Goal of the exercise: Each line of data below is to be returned exactly, leaving out any picture.

Supplied information:
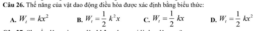 Câu 26. Thế năng của vật dao động điều hòa được xác định bằng biểu thức:
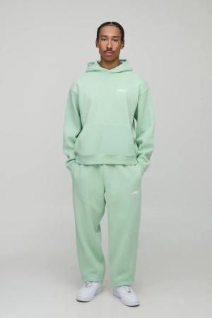 Kastiger Oversize Trainingsanzug mit Kapuze und Applikation - Grün - S, Grün
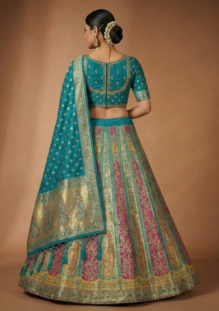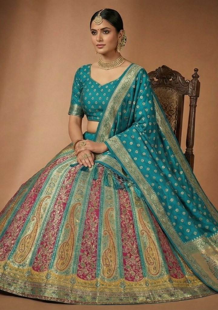 Elegant teal green lehenga designed with multi-color woven patterns and rich zari work for a vibrant ethnic look. Comes with unstitched lehenga and blouse for a customizable fit. Free size suitable for waist 28 to 45 inches. Perfect for weddings, festive, and traditional occasions.

Output of the exercise:
 Câu 26. Thế năng của vật dao động điều hòa được xác định bằng biểu thức:
 Kastiger Oversize Trainingsanzug mit Kapuze und Applikation - Grün - S, Grün
 Elegant teal green lehenga designed with multi-color woven patterns and rich zari work for a vibrant ethnic look. Comes with unstitched lehenga and blouse for a customizable fit. Free size suitable for waist 28 to 45 inches. Perfect for weddings, festive, and traditional occasions.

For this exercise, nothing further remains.